You are viewing a plain text version of this content. The canonical link for it is here.
Posted to java-user@lucene.apache.org by Vitaly Funstein <vf...@gmail.com> on 2013/10/11 04:01:04 UTC

Cost of keeping around IndexReader instances

Hello,

I am trying to weigh some ideas for implementing paged search functionality
in our system, which has these basic requirements:

   - Using Solr is not an option (at the moment).
   - Any Lucene 4.x version can be used.
   - Result pagination is driven by the user application code.
   - User app can request a subset of results, without sequentially
   iterating from start, by specifying start/end of range. The subset must
   correspond to exact part of the full set that matches specified offsets, if
   that had been requested to begin with, i.e. for each query, result set must
   be "stable.
   - Result set must also be detached from live data, i.e. concurrent
   mutations must not be reflected in results, throughout lifecycle of the
   whole set.

At the moment, I have come up with two different approaches to solve this,
and would like some input.

In each case, the common part is to use ReaderManager, tied to IndexWriter
on the index. For each new query received, call
ReaderManager.maybeRefresh(), followed by acquire(), but also do the
refresh in the background, on a timer - this is as recommended by the docs.
But here are the differences.

   1. Initial idea
      - When a new query is executed, I cache the DirectoryReader instance
      returned by acquire(), associating with the query itself.
      - Use a simple custom Collector that slurps in all doc ids for
      matches, and keeps them in memory, in a plain array.
      - Subsequent requests for individual result "pages" for that query
      use the cached reader, to meet the "snapshot" requirement,
referencing doc
      ids at the requested offsets, i.e. IndexReader.document(id)... or I might
      use DocValues - that's still TBD, the key is that I reuse previously
      collected doc id.
      - When the app is done with the results, it indicates so and I call
      ReaderManager.release(), all collected ids are also cleared.
   2. Alternate method
      - On query execution, fully materialize result objects from search
      and persist them in binary form in a secondary index. These are basically
      serialized POJOs, indexed by a unique combination of
      requester/query/position ids.
      - Once generated, these results never change until deleted from the
      secondary index due to app-driven cleanup.
      - Result block requests run against this index, and not the live data.
      - After materializing result set, original IndexReader (from primary
      index) is released.
      - Thus, IndexReader instances are only kept around during query
      handling.

So the questions I have here are:

   - Is my assumption correct that once opened, a particular IndexReader
   instance cannot see subsequent changes to the index it was opened on? If
   so, does every open imply an inline commit on the writer?
   - What is the cost of keeping readers around in method 1, preventing
   them from closing - in terms of memory, file handle and locks?

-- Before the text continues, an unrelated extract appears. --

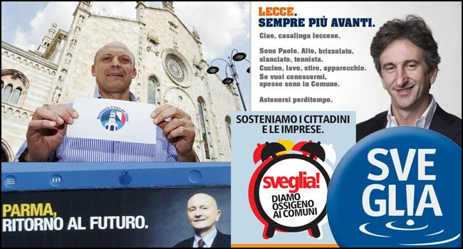 Dal Faro per Como all’Ape di Cassano Magnago. Da Ritorno al futuro al partito delle Nuvolea. Fino alla Lista utile per il miglior sindaco, che ha un progetto chiaro: «Noi crediamo in chi crede in Noi». E’ il fai-da-te della politica nel 2012, effetto collaterale della sfiducia nei partiti tradizionali, che da a chiunque la speranza di farsi eleggere. Con il trucco di Cetto La Qualunque: «Basta dire due cazzate e ti votano». Quel Faro sul lago di Como «Sto(p)per candidarmi». Palla al piede, si gioca. Pietro Vierchowod campione del mondo nella Spagna dell’82 e d’Italia con Roma e Sampdoria, scende in campo e si candida sindaco di Como. Del resto proprio qui lo ’zar’ esordì in serie A. Il suo Faro per Como illuminerà una formazione con tanti atleti e persino l’ex compagno di squadra Silvano Fontolan. Certo su entrambi i rami del lago di Como, un faro non s’è mai visto; ma al campo di calcio ne hanno trovato uno. L’ex stopper roccioso dovràsfidare la squadra di ’Forza Como’, che riunisce ex forzisti ed ex leghisti. Vola vola vola l’Ape Hanno avvistato un’Ape e ronza in terra padana. Non si tratta del movimento di Rutelli sotto mentite spoglie dopo l’effetto Lusi: il simpatico insetto, rappresentato nei simboli dall’Ape Maia, si presenta a Cassano Magnago, proprio nella terra di Umberto Bossi. «L’Ape è un movimento nuovo», spiega il suo promotore Rocco Andrisiani, punta infatti all’ «infedeltà politica». Il suo slogan: «Vola, vola, vola», alla ricerca del prezioso nettare. L’ex Pd va sulle Nuvole Corrado Parise, fuoriuscito dal Pd, si candida sindaco di Alessandria. ’Nuvole’ è la sua lista per rinnovare la politica giocando sul piano dell’anti-politica. Perché Nuvole è «una persona, un gruppo, ma anche un’idea». E allora scrive «vedi è facile fare una Nuvola» . L’effetto vorrebbe essere quello del ’be cloud’, ma il rischio di cadere dalle nuvole è alto. Advertisement Da Mo’ a Fa’ Lo scorso anno ilprefetto Mario Morcone, candidato sindaco partenopeo, lanciò «Il futuro è Mo’»., troncando il suo cognome e giocando con il dialetto. I napoletani fecero subito sapere che avrebbero preferito «Il futuro è Ma», nel senso di Maradona come allenatore al San Paolo. Quest’anno Morcone ci riprova Piercarlo Fabbio, attuale sindaco di Alessandria per il Pdl, che si ricandida con lo slogan «Piercarlo Fa». Certo, il Comune è sull’orlo del precipizio, la Corte dei Conti ha preannunciato il dissesto, il buco in bilancio si è trasformato in una voragine e la sua giunta è stata toccata dall’inchiesta sulla ’ndrangheta. Ma che importa, Piercarlo «Fa». Salga a bordo, cazzo Anche La Spezia ha il suo comandante. Enrico Schiffini si candida con Una nave in giardino. Il re delle cucine si era già presentato nel 2007 battendosi contro lo scavo dei fondali del porto. Ottenne un discreto successo, grazie anche alla campagna firmata Oliviero Toscani. Il pubblicitario spiegò che lo slogan ’Una nave ingiardino’, rappresentava una nave ’simbolica, fuori misura, fantastica’. Dopo cinque anni Schiffini riprova a salpare e attraccare. Il rischio è l’effetto Schettino. Emulando Formigli Basta con i politici ladri, con i loro rimborsi e i loro privilegi. Scende in campo l’antipolitica. Nella Verona delle liste pro Tosi, c’è chi si ispira a Corrado Formigli e come se fosse un talk si candida con ’Piazza pulita’. A La Spezia sono stati più ingegnosi: ’Via la Casta’. Pronti i diritti per una nuova trasmissione televisiva. Per chi ci Thiene Maria Rita Busetti, sindaco uscente della Lega Nord a Thiene (Vicenza) deve aver pensato che il nome della sua cittadina si presetava bene a un gioco di parole. Di qui il nome della lista civica che l’appoggia, Per chi ci Thiene, che si autodefinisce «un gruppo che si impegnerà e collaborerà assieme per una Thiene Migliore». Ritorno al Futuro Nella Parma commissariata, con assessori in manette e debiti da sanare, si presenta il nuovo. E’l’ex sindaco Elvio Ubaldi che riscende in campo per la terza volta con un abile slogan: ’Ritorno al futuro’. Ex democristiano, due volte sindaco, padre e mentore di quel Pietro Vignali che ora definisce un «essere non catalogabile» si candida con il sostegno dell’Udc. Ubaldi parla perfino sulla colonna sonora del film di Robert Zemeckis. Obiettivo: trasmettere speranza. Si ritornerà ai bei tempi in cui il sindaco era lui. Uno capace di progettare opere futuristiche come il Ponte Nord e la metropolitana con una linea che avrebbe trasportato quasi 100 mila persona al giorno, anche se tutta Parma ne conta meno di 200 mila. Buongiorno Italia, buongiorno Maria Debiti insostenibili? C’è una soluzione. Scende in campo la passionaria Wally Bonvicini: ’Buongiorno Italia! Siamo voi!’. «Un nuovo partito nazionale che parte da Parma» per proporre «un nuovo sistema economico e politico contro le banche che hanno generato la crisi». Bonvicini combatte contro le banche, vuole abolire Equitaliae l’anatocismo bancario. «Solo con quello si recupererebbe tutta la disponibilità di denaro che serve a risolvere ogni problema» fa sapere. E dire che ci hanno provato anche Domenico Scilipoti e Alfonso Marra. Non ci resta che il ’lasciatemi cantare’ di Toto Cutugno. Suona la Sveglia Andrea Paparo a Piacenza ha vinto le primarie del PdL con una percentuale bulgara dell’ 88 per cento, ma lui ci tiene a non presentarsi mai con quel simbolo. Nei suoi comunicati preferisce parlare di riscossa civile, bene comune e città intelligente. A sostenerlo persino la lista ’Sveglia’, formata da candidati giovanissimi. Tengo famiglia A Frosinone si candida un’intera famiglia: gli Sciacca. Il padre Alfredo è candidato per ’Gente Comune’ in una lista di sinistra, il nonno Giuseppe in quella del Popolo della Libertà che vuole come sindaco Ottaviani. Quanto al figlio di Alfredo ha scelto un’altra lista ancora. L’unione fa la 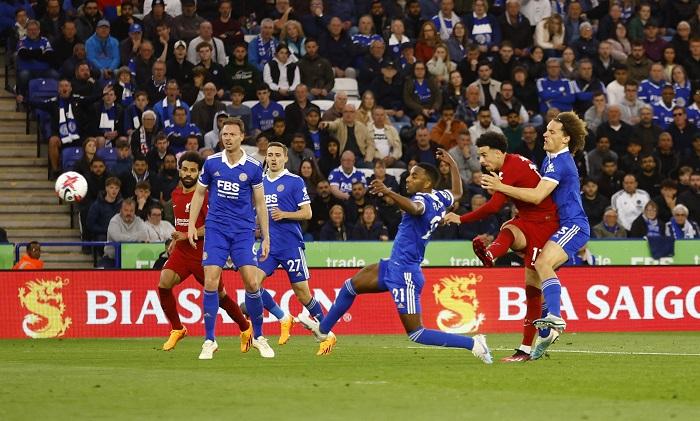 面對仍有機會爭取前四資格的紅軍,李斯特城在33分鐘先失守,防線遲遲未能解圍,被紅軍截得後,傳到右路的穆罕默德沙拿(Mohamed Salah),禁區頂再長傳遠柱的居迪斯鍾斯(Curtis Jones),為利物浦打開紀錄。3分鐘之後沙拿再一次傳予鍾斯,後者禁區內射入,球證之後翻看VAR後證實未有越位,入球有效,令紅軍半場領先2:0。

Of course, in either approach, I plan on using a global result set limit to
prevent misuse, similar to how a database might set a limit on open result
cursors. But this limit would be dependent on the method chosen from above,
so any hints would be appreciated.

Re: Cost of keeping around IndexReader instances

Posted by Vitaly Funstein <vf...@gmail.com>.
UPDATE: I went with method 1, i.e. keeping IndexReader instances open
between requests. Which brings me back to the original questions - is there
any way of quantifying the impact of not closing a particular IndexReader?
Does this depend on # of segments per index, open file count etc?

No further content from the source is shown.